Também estava delicioso, agora percebia porque é que os Alentejanos estão cheios de colesterol.
Esperava voltar brevemente.

A hora do almoço passou rápido, adorei a comida e a companhia, já sentia saudades de estar com ela assim.
Ela pagou e fomos até à Universidade a pé, estava um dia lindo.

Assim que cheguei ao portão, a funcionária comunica-me que a directora estava à minha espera.

- Sorte - disse-me a Amanda antes de lhe dar um abraço e ir directo ao gabinete da directora.

- Obrigado querida, depois mando-te mensagem com a decisão.

Fui em direcção ao Gabinete da directora, estava nervosa, a Camila chega hoje e aproveitava para partir amanhã e aproveitar mais uns dias com os meus pais, estava com tantas saudades...

Bati à porta e pedi licença, estavam todos os formadores reunidos quando entrei.

SERÁ QUE A DIRECTORA E OS PROFESSORES CHEGARAM A UM 
CONSENSO SOBRE A ''DISPENSA'' DA LEIRE?
ACEITARÃO? REJEITARÃO?

segunda-feira, 19 de novembro de 2012

Capítulo 57

Era madrugada de Sábado, estava sem sono ou melhor... não conseguia dormir devido aos acontecimentos no estádio da luz. Tinha tudo para ser um dia perfeito, mas resumiu-se ao dia mais infeliz da minha vida.
Levantei-me e vesti roupa para ir correr um bocado, estava a precisar de arejar a cabeça.

Roupa da Leire

Não pensei em nada e durante 2 horas corri, corri e corri com a cabeça vazia e o coração despedaçado.

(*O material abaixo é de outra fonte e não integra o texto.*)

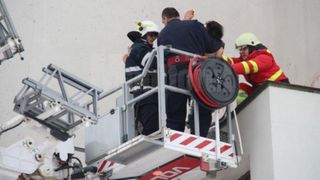 Salvatorii au reusit sa ajunga la el, l-au acoperit cu o patura si l-au coborat cu ajutorul nacelei din dotarea scarii.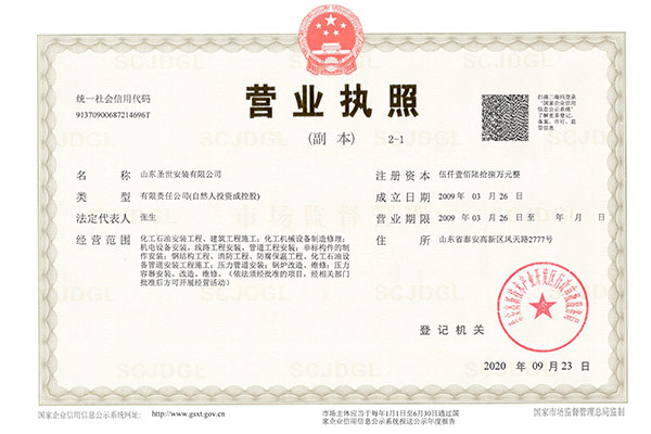 山東圣世安裝有限公司于2009年3月26日正式成立,注冊資金5168萬元。法定代表人:張生。注冊地址:山東省泰安高新區鳳天路2777號。經營地址:山東省泰安高新區鳳天路2777號。經營范圍:化工石油安裝工程、建筑工程施工;化工機械設備制造修理;機電設備安裝、線路工程安裝、管道工程安裝;非標構件的制作安裝;鋼結構工程、消防工程、防腐保溫工程、化工石油設備管道安裝工程施工;壓力管道安裝;鍋爐改造、維修;壓力容器安裝、改造、維修。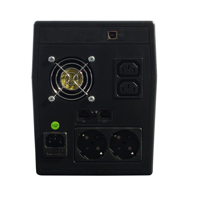 SKAT-UPS 3000/1800 - встроенный АКБ 9 Ач, 4 шт, время резерва 2 мин., холодный старт, модифицированый синус, световая и звуковая индикация режимов работы, графический дисплей режимов работы связь и управление ПК по USB. Встроенный стабилизатор (диапазон сети 162-290 В), защита от всплесков напряжения, защита от перегрузки. 4 выходных разъема: 2 шт. IEC 320 C13 (компьютерный), 2 шт. CEE 7/4 (розетка с заземлением). 1 Тип интерактивный 2 Выходная мощность, ВА 3000 3 Выходная мощность, Вт 1800 4 Время работы при полной нагрузке в автономном режиме, мин 2 5 Входное напряжение, частотой 50±1 Гц, В 162290 6 Выходное напряжение, В 220 ± 10 % 7 Время переключения на батарею, мс 810 8 Макс. поглощаемая энергия импульса, Дж 185 9 Количество выходных разъемов питания (с питанием от батарей), шт. 4 10 Форма выходного сигнала: ступенчатая аппроксимация синусоиды. 11 Тип выходных разъемов питания: IEC 320 C13 (компьютерный), CEE 7/4 (розетка с заземлением). 12 Тип АКБ: герметичные свинцово-кислотные необслуживаемые, номинальным напряжением 12 В. 13 Ёмкость АКБ, Ач 9 14 Количество АКБ, шт. 4 15 Отображение информации световая индикация 16 Звуковая сигнализация есть 17 Холодный старт есть 18 Время зарядки (до 90% полной ёмкости), ч 68 19 Защита от перегрузки есть 20 Защита от высоковольтных импульсов есть 21 Фильтрация помех есть 22 Защита от короткого замыкания есть 23 Тип предохранителя плавкий 24 Интерфейсы USB 25 Защита телефонной линии порт RJ-45 26 Цвет черный 27 Габаритные размеры ШхГхВ, мм, не более без упаковки 145х213х436 в упаковке 200х300х505 28 Масса, не более, кг 23 29 Диапазон рабочих температур, °С +5+40 30 Относительная влажность воздуха при 25 °С, %, не более 80 Особенности: питание персональных компьютеров или другой нагрузки с номинальным напряжением питания 220 В переменного тока и потребляемой мощностью до 3000 ВА (1800 Вт) (режим основной); автоматический переход на автономное питание при отклонении параметров сетевого напряжения за допустимые пределы или при полном пропадании сети (режим автономный); автоматический переход в режим работы от сети при восстановлении сетевого напряжения; быстрый заряд встроенной аккумуляторной батареи при наличии сетевого напряжения; световая и звуковая индикация режимов работы ИБП; функция «холодный старт»: включение ИБП для работы в автономном режиме при отсутствии сетевого напряжения; защита от глубокого разряда АКБ; стабилизация сетевого напряжения; управление энергопотреблением и возможность мониторинга состояния сети и ИБП в реальном времени через порт USB; защита от скачков напряжения для телефонной/модемной линии; защита от перенапряжения сети.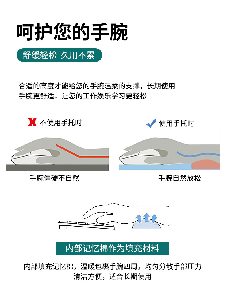 桌面舒适掌托护腕机械键盘手托 硅胶手腕托记忆棉键盘手托护腕垫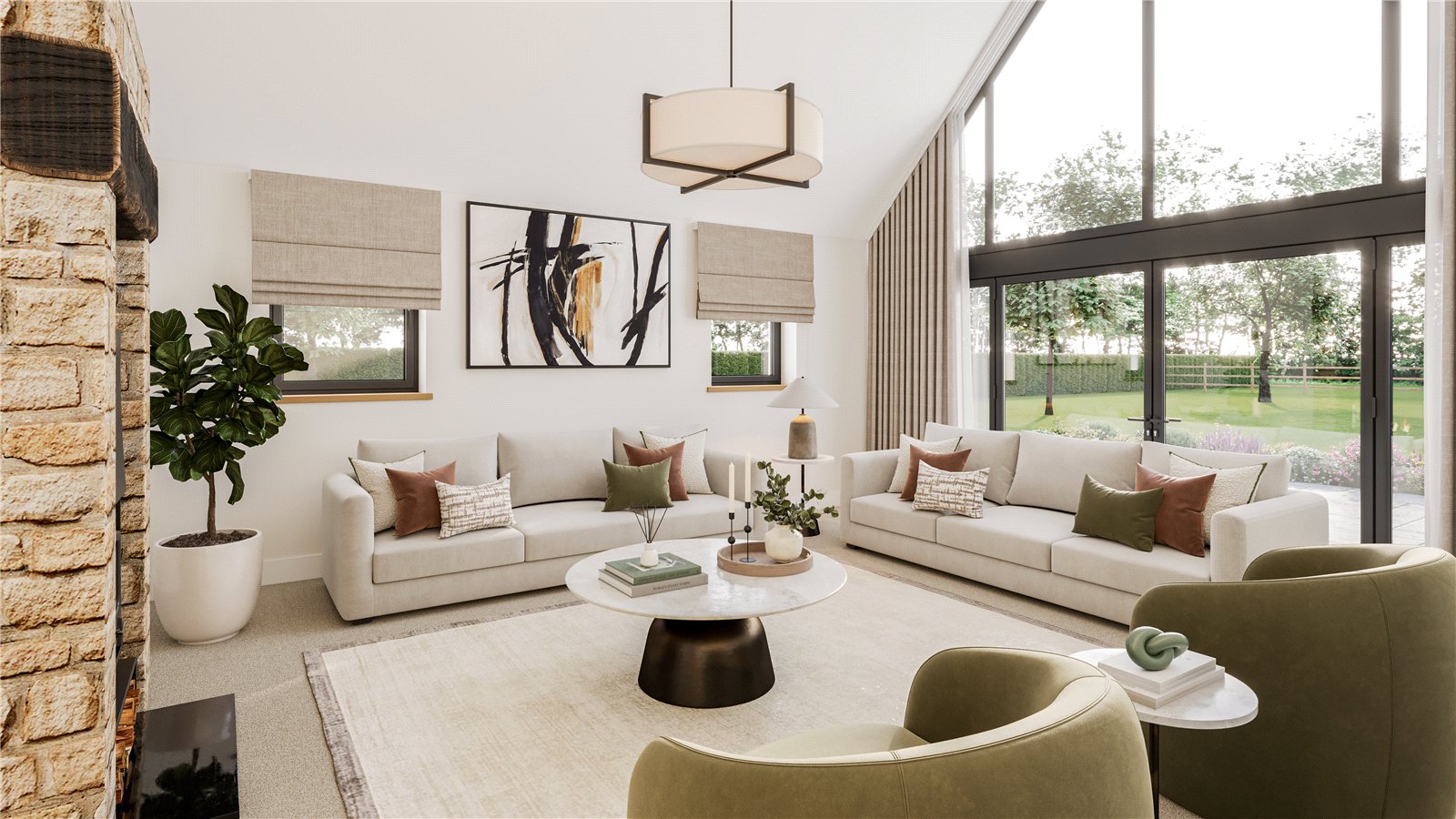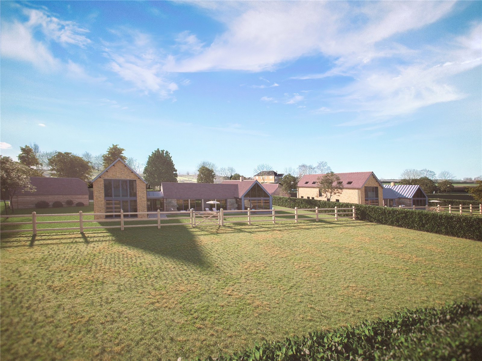 The rear garden will be laid mainly to lawn, with mature boundary trees offering natural screening and a sense of enclosure. A generous paved terrace will open directly from the open-plan living space, creating the ideal setting for outdoor entertaining and dining. Buyers will also have the option to personalise landscaping to their taste, including space for raised beds, a kitchen garden, or wildflower borders.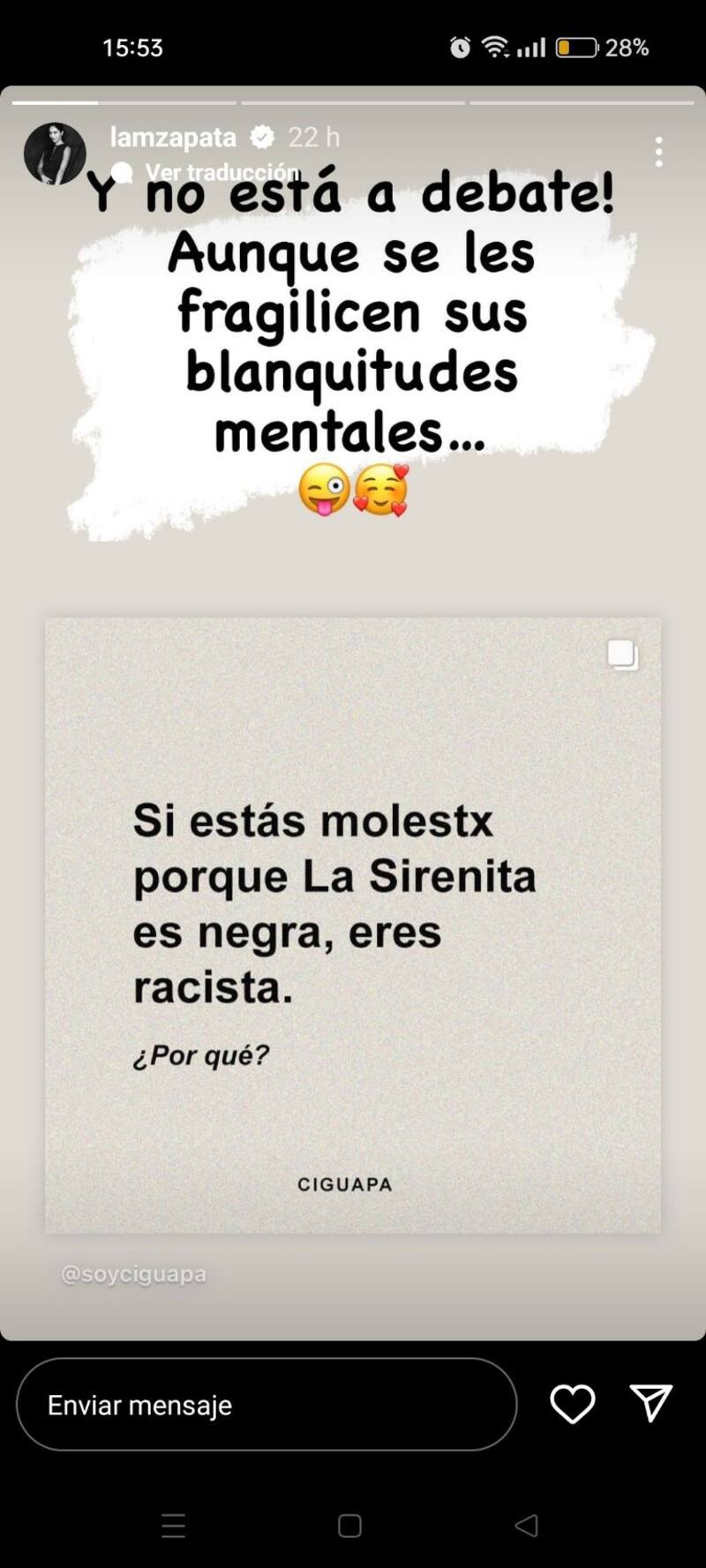 Algunos cibernautas manifiestan que el no aceptar a la actriz solo porque cambiaron la forma en la que se ve, es racista y a esta moción se unión la actriz Maya Zapata (40) quien en su cuenta de Instagram compartió un fuerte mensaje. “Si estás molesto porque La Sirenita es negra, eres racista”, se lee en la imagen que compartió. “Y no está a debate, aunque se les fragilicen sus blanquitudes mentales”, escribió.

Já pouco passava das 8 da manhã e voltei para casa, mas antes passei na padaria habitual a comprar pão e croissants fresquinhos.
Entrei em casa e o mesmo silêncio se fazia sentir, estava curiosa, será que a Amanda e o Diego?? Será?

Fui até à porta do quarto dela e resolvi abri-la devagar e ver com os meus próprios olhos o que já sabia, mas eu era daquele tipo... ''Ver para crer''.

Amanda e Diego a Dormir

Estava confirmado, Amanda e Diego passaram a noite juntos, ao vê-los assim, senti ciúmes com aquela cumplicidade e amor que havia na cara deles, era aquilo que procurava e dois homens quase conseguiram, mas acabaram do mesmo modo, desiludindo-me.
Fechei a porta com um sorriso na cara, estava feliz por ela e por ele.

Fui até à cozinha tomar o pequeno almoço, aproveitando os croissants quentinhos com uma fatia de queijo.

Liguei a Tv e como é normal naquela casa, estava no canal 30 da MEO - Benfica Tv, há uns tempos atrás diria que era o destino, mas naquele momento achei que fosse tortura. Estava a dar uma entrevista do Rodrigo poucos dias antes do jogo de ontem, falaram desse mesmo jogo e da sua vida pessoal, pela adaptação ao clube, colegas e à própria cidade. O assunto ''mulheres'' acabou com o resto da pouca alegria que conseguia tirar daquele dia. Tal como a anterior entrevista que tinha dado ao canal poucos dias depois do acidente em França, mencionando que estava apaixonado por uma mulher que tinha conhecido em estágio, mas não adiantou mais, desta vez, o mesmo aconteceu, referiu a ''tal mulher''.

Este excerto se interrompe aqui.